Lets say I have a string of 4 numbers separated by space

1 4 16 28
# stored in $ids

So, to get the 4 number separately in four variables I was using

id1=$(echo $ids | sed -r "s/([0-9]+ ){0}([0-9]+) ?.*/\2/g")
id2=$(echo $ids | sed -r "s/([0-9]+ ){1}([0-9]+) ?.*/\2/g")
id3=$(echo $ids | sed -r "s/([0-9]+ ){2}([0-9]+) ?.*/\2/g")
id4=$(echo $ids | sed -r "s/([0-9]+ ){3}([0-9]+) ?.*/\2/g")

But the problem is, if the string has less then 4 numbers, the previous numbers are repeated.

For example, if the string was

1

then what we will get is

id1=1
id2=1
id3=1
id4=1

What I want is that, if there are less numbers, then the extra variables should have the value 0.
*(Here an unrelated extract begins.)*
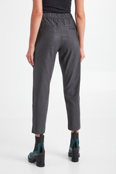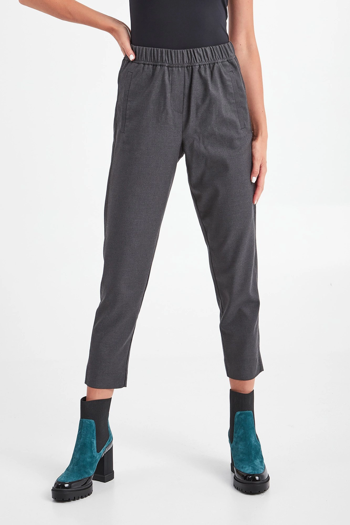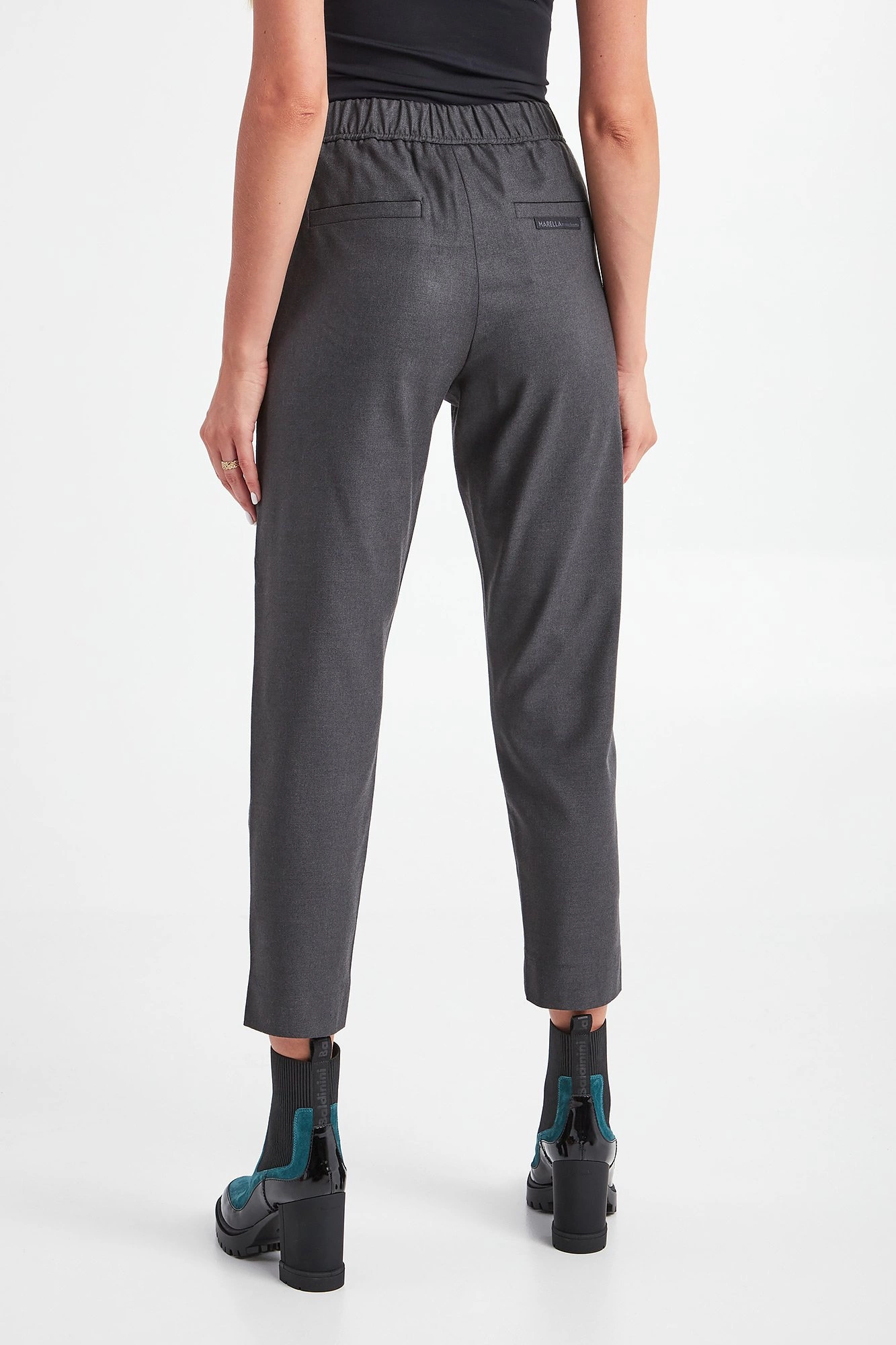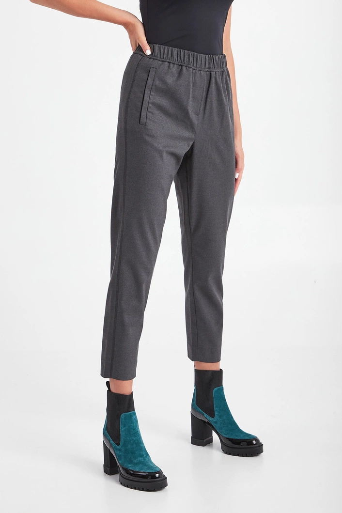 Spodnie marki Marella w grafitowym kolorze. Spodnie są częścią projektu Marella Monochrome - jednokolorowe style ze starannie dobranych materiałów. Fason typu regular fit. Zwężane ku dołowi nogawki. Model z dwoma kieszeniami z przodu oraz imitacją kieszeni z tyłu. W pasie elastyczny ściągacz. Wykonane z delikatnej i miękkiej wiskozy.

Is there a way to do that?

Note : I can only use sed

Answer 1

You don't need sed. This will work in any POSIX-compatible shell:

read -r id1 id2 id3 id4 rest <<EOF
$ids 0 0 0 0
EOF

This will work for any number of values in ids. The line in the here document will contain at least 4 values, regardless of the value of ids, and any extra fields will be assigned to rest and can be ignored.

Answer 2

Try this regex instead, it returns "" if there is nothing to return:

$ echo 1 2 3 4 5 6|sed -r "s/^([0-9]+ *){0,3}//g;s/([0-9]+).*/\1/g;s/^$/0/g"
4
#                 change this latter value ^ 

$ echo 1 2 3|sed -r "s/^([0-9]+ *){0,3}//g;s/([0-9]+).*/\1/g;s/^$/0/g"
0
$

Answer 3

If you can use awk, you could try something like this:

$ awk 'function m(a) { return a ~ /^[0-9]+$/ ? a : 0 } 
  { print m($1), m($2), m($3), m($4) }'
1 4 16 281 # input
1 4 16 281
1          # input
1 0 0 0

The function tests whether the field contains one or more digits, replacing with 0 if it doesn't.

The best way to get the output into separate variables depends on what you plan on doing with them later and your shell version.

Using process substitution, you can do this:

str='1 4 16 281'
read -r id1 id2 id3 id4 < <(echo "$str" | awk '
  function m(a) { return a ~ /^[0-9]+$/ ? a : 0 } 
    { print m($1), m($2), m($3), m($4) }')

Less efficient but perhaps easier to understand would be to simplify the script and run it 4 times:

id1=$(echo "$str" | awk -v col=1 '{ print $col ~ /^[0-9]+$/ ? $col : 0 }')